The blue crab is also invading restaurants

What helps against blue crab invasion is that it tastes great. This makes its intensive fishing a winning solution for the environment, the fishing industry and consumers.

Restaurateurs like Albert Guzmán have happily adopted this North American invader as their new local delicacy. Atlantic blue crab may look unfamiliar in Mediterranean cuisine, but the chef says it fits perfectly with other seafood, whether served as a main course, but also in broths, snacks, appetizers -mouths, sauces or even in a paella.

“We used to use different, much more expensive species, like lobsters or spider crabs, which had to be delivered from Galicia, says Albert. Now we have blue crab, which has a flavor and a similar tastes, so we have a premium product at a price point that is affordable for restaurants, which is also a good thing.”

Pearl oysters in Greece

Invasive species have not only landed in Catalonia. In the Greek part of the Mediterranean, in the Gulf of Elefsina west of Athens, the fisherman Giórgos Grívas collects large oysters. Originally from the Indo-Pacific region, they have spread to Hellenic waters since the opening of the Suez Canal, one of the main routes of invasion of the Mediterranean by foreign marine species.

“Here is the so-called pearl oyster, pinktada imbricata radiata, presents Giórgos. In addition to being able to be eaten, it can also sometimes offer us its pearls. It can be cooked raw, baked, steamed or fried, in pasta or the risotto.”

The fishermen supply the local fishmongers who retail the pearl oysters at 5€/kilo – but this trade is limited by a lack of regulation. Unlike mussels and other popular local molluscs, Greek legislation does not cover the exploitation of the pearl oyster for human consumption.

Adapt regulations

Professor at the University of Patras, John Theodorou strives to move the lines. His research suggests legalizing the exploitation of pearl oysters in Greece, so they can be fished sustainably and sold with greater added value.

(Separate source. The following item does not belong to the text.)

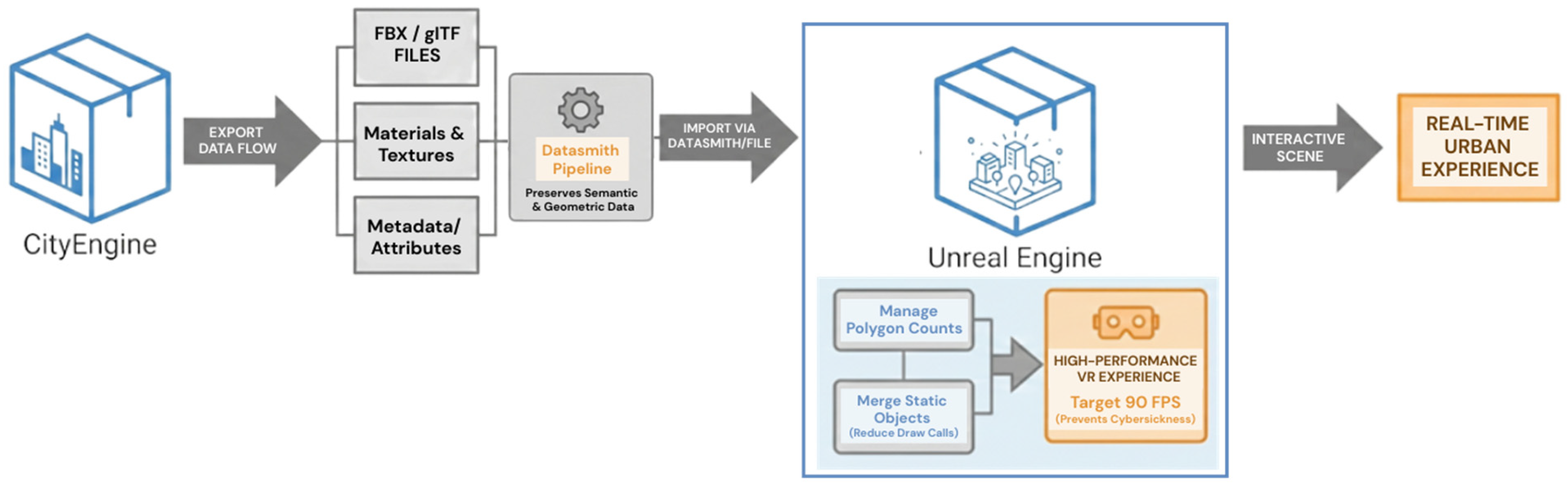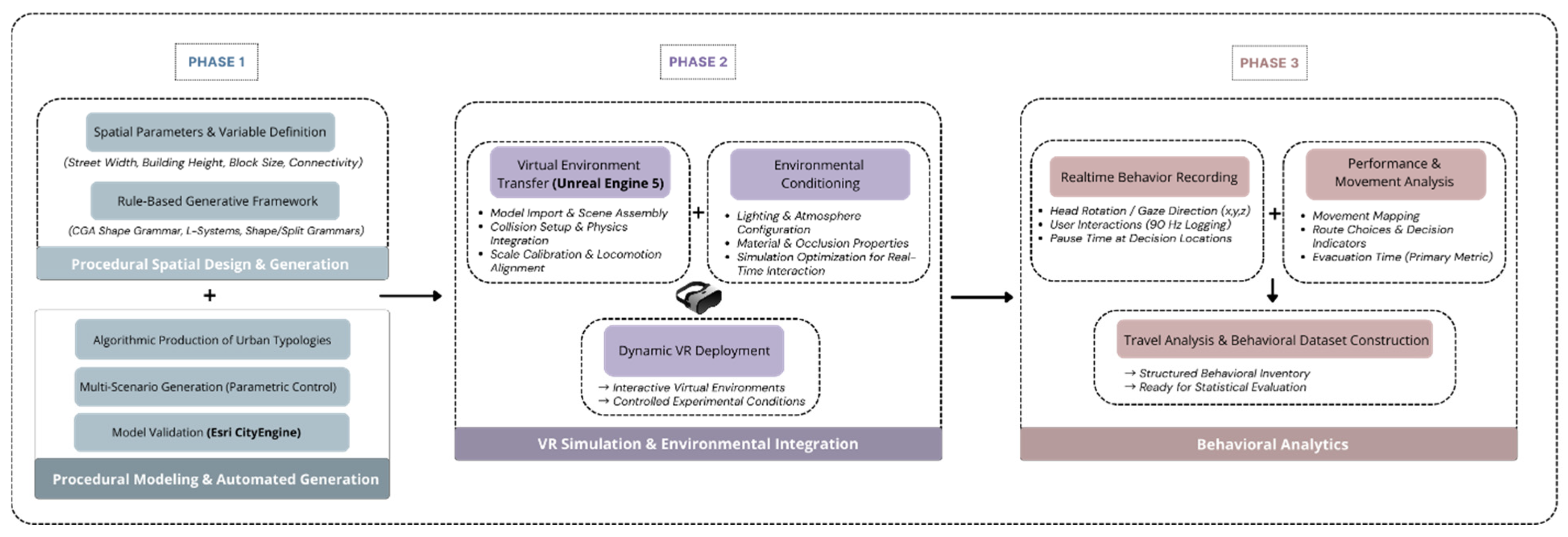 This study presents a methodological synthesis that combines two technologies: procedural environment generation and immersive VR. Procedural generation allows for the rule-based creation of diverse urban forms without relying on site-specific data. At the same time, VR serves as a “behavioral wind tunnel” [7], a controlled environment where human performance can be tested under psychologically meaningful stress [16]. Procedural generation functions as a morphological engine capable of producing an unlimited variety of urban configurations. Together, these methods support a calibration paradigm that moves beyond context-specific assumptions to develop a generalizable and empirically grounded understanding of human behavior.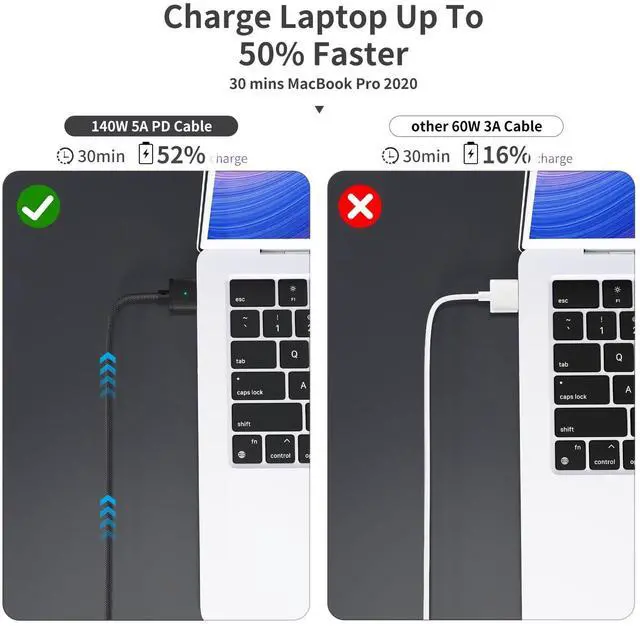 SEAMLESS CONNECTIVITY FOR EVERYDAY USE: Experience hassle-free charging with our 140W magnetic safe charging cable's seamless magnetic connectivity, designed to simplify your MacBook charging routine. With a convenient 6.6 -foot length and durable nylon braided construction, it offers flexibility and reliability for all your charging needs ^^

“This is very important, he says, because it can offer fishermen an alternative way to improve their income, as pressure on natural stocks of other shellfish increases due to overfishing and climate change.”

Legalization could also benefit aquaculture. In Sagiada, near the Albanian border in western Greece, Spyros Stasinos and his father raise tons of seashells on submerged ropes. The only invasive species that cause them problems are sea squirts, which must constantly be detached from the ropes.

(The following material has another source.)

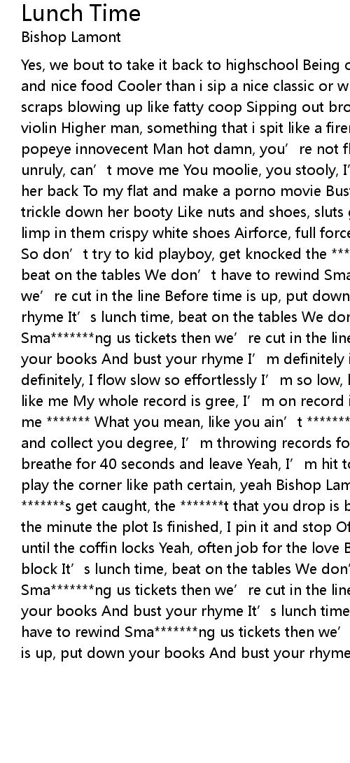 | Yes, we bout to take it back to highschool Being on the nice tabletops, bishop and nice food Cooler than i sip a nice classic or when I play pool Domino fat scraps blowing up like fatty coop Sipping out broken, ain' t no picture playing violin Higher man, something that i spit like a fireman I am what I am, like popeye innovecent Man hot damn, you' re not flier higher than Yours truly, unruly, can' t move me You moolie, you stooly, I' ll kidnap your cutie, take her back To my flat and make a porno movie Bust a nut on her back and let it trickle down her booty Like nuts and shoes, sluts gonna choose That pimp with a limp in them crispy white shoes Airforce, full force , that' s what I' m about So don' t try to kid playboy, get knocked the out It' s lunch time, beat on the tables We don' t have to rewind Sma ng us tickets then we' re cut in the line Before time is up, put down your books And bust your rhyme It' s lunch time, beat on the tables We don' t have to rewind Sma ng us tickets then we' re cut in the line Before time is up, put down your books And bust your rhyme I' m definitely in the house, you know? Most definitely, I flow slow so effortlessly I' m so low, but who know go second like me My whole record is gree, I' m on record indeed The whole west is with me What you mean, like you ain' t with o consecutive street Go and collect you degree, I' m throwing records for G' s A hundred G' s I breathe for 40 seconds and leave Yeah, I' m hit to backburn game That' s why I play the corner like path certain, yeah Bishop Lamont in war in G, war with me s get caught, the t that you drop is boring me I figured you flop, the minute the plot Is finished, I pin it and stop Off the rocks, unorthodox, until the coffin locks Yeah, often job for the love Because I ain' t off the block It' s lunch time, beat on the tables We don' t have to rewind Sma ng us tickets then we' re cut in the line Before time is up, put down your books And bust your rhyme It' s lunch time, beat on the tables We don' t have to rewind Sma ng us tickets then we' re cut in the line Before time is up, put down your books And bust your rhyme |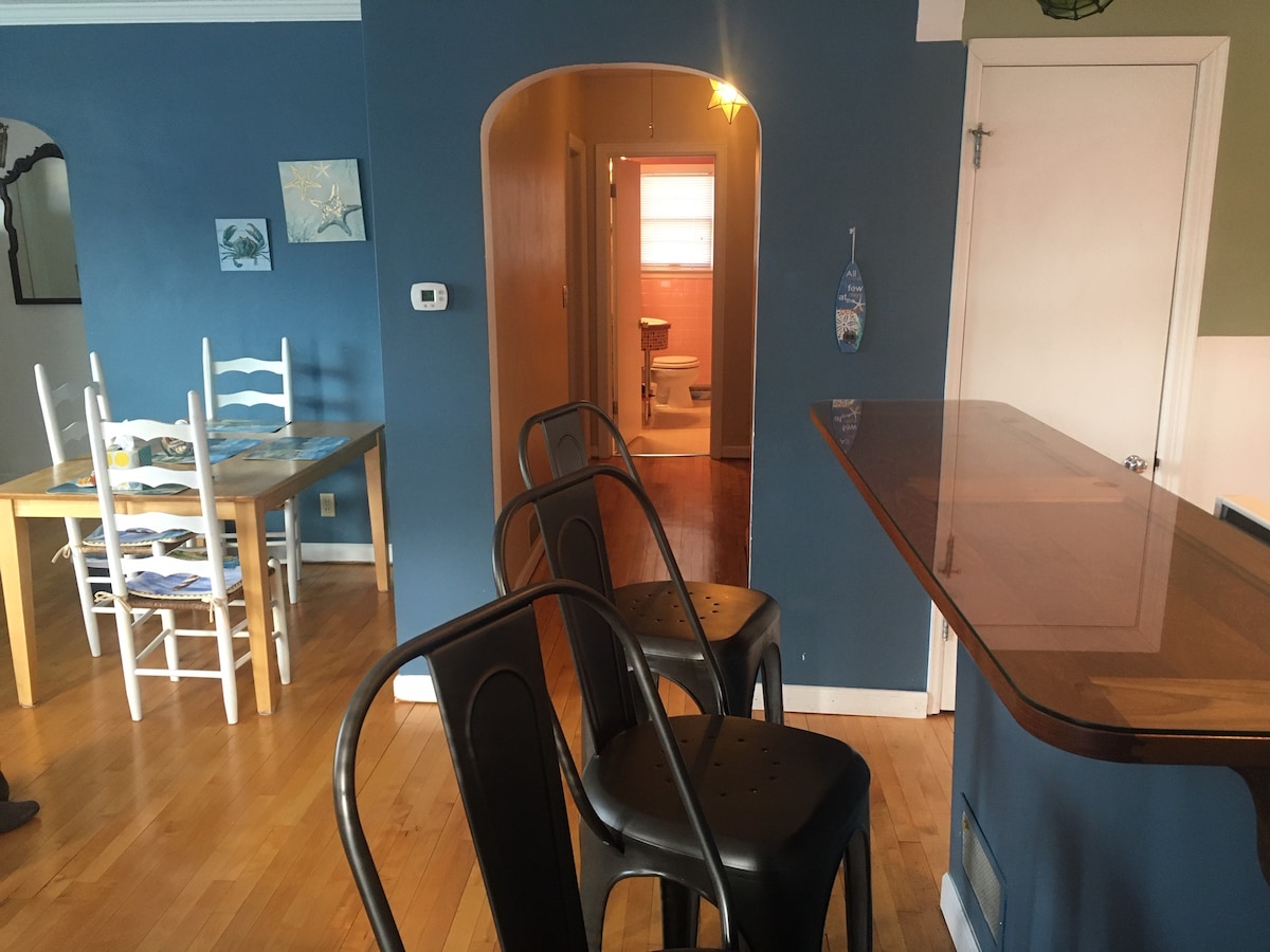 Cette maison se trouve à quelques pas d'une plage publique, d'une marina de 230 places, de parcs, de plages, de restaurants, de bars et de magasins. Vous pouvez garer votre voiture et ne jamais avoir à conduire, en profitant du paysage, du shopping, de la natation et de la restauration. La télévision n'a que des chaînes locales, pas de câble. Menominee est à 50 miles au nord de la ville de Green Bay sur la baie de Green Bay. Le comté de Door est à 2 heures en voiture et à une heure en bateau de Menominee. Il s'agit d'une jolie maison de 3 chambres, 1,5 salles de bain dans le centre-ville de Menominee dans une rue calme.

But they don’t really care about the pearl oysters, which are sometimes found in their harvest. It could even be another product for sale, if the regulatory framework allows it.

“We can’t grow them legally, nor sell them, explains Spyros. So we collect them mainly for our own consumption, when we organize parties or when we receive guests.”

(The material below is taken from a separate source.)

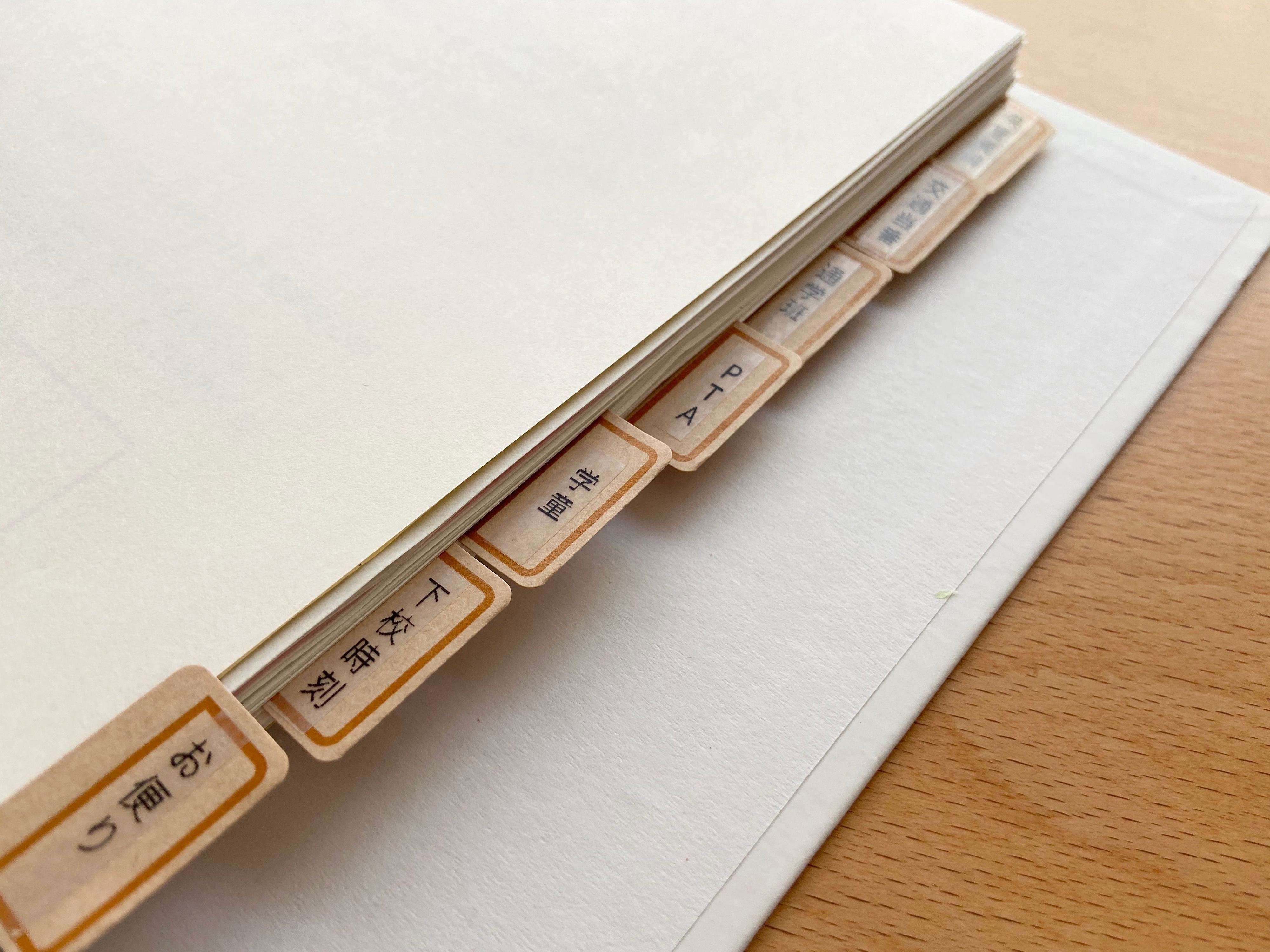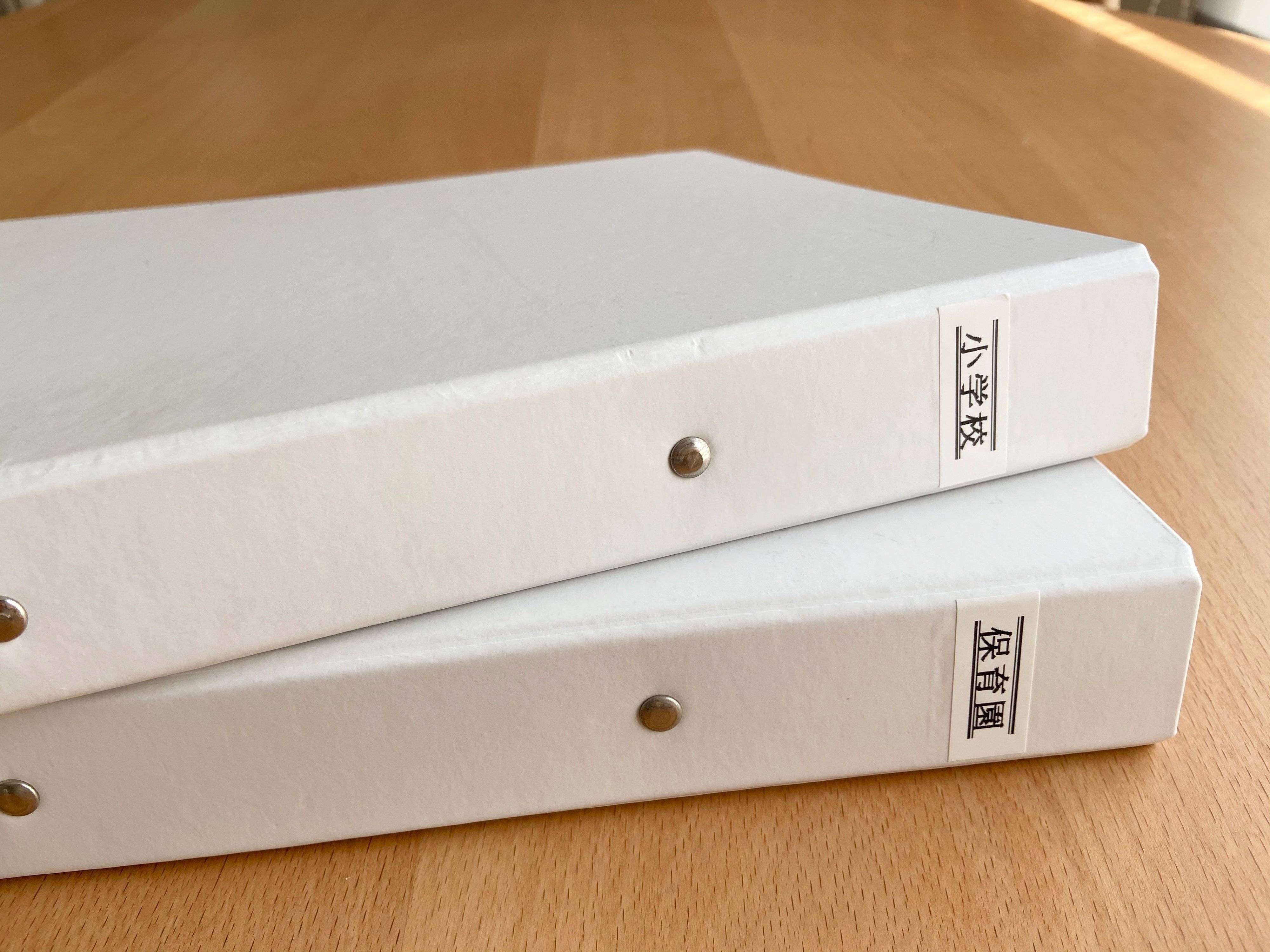 わが家ではダイソーの2リングファイルに、7つに分類して仕分けています。

In this Greek region where the aquaculture sector is booming, shellfish farms are excellent neighbors to fish farms: mussels and oysters help preserve the water from excess nutrients, while providing healthy local seafood. The culture of pearl oysters could be perfectly integrated into it.

The invasion of hundreds of alien species over the past decades is a challenge for the Mediterranean Sea – and an opportunity for industries to adapt to this new reality and make the most of it.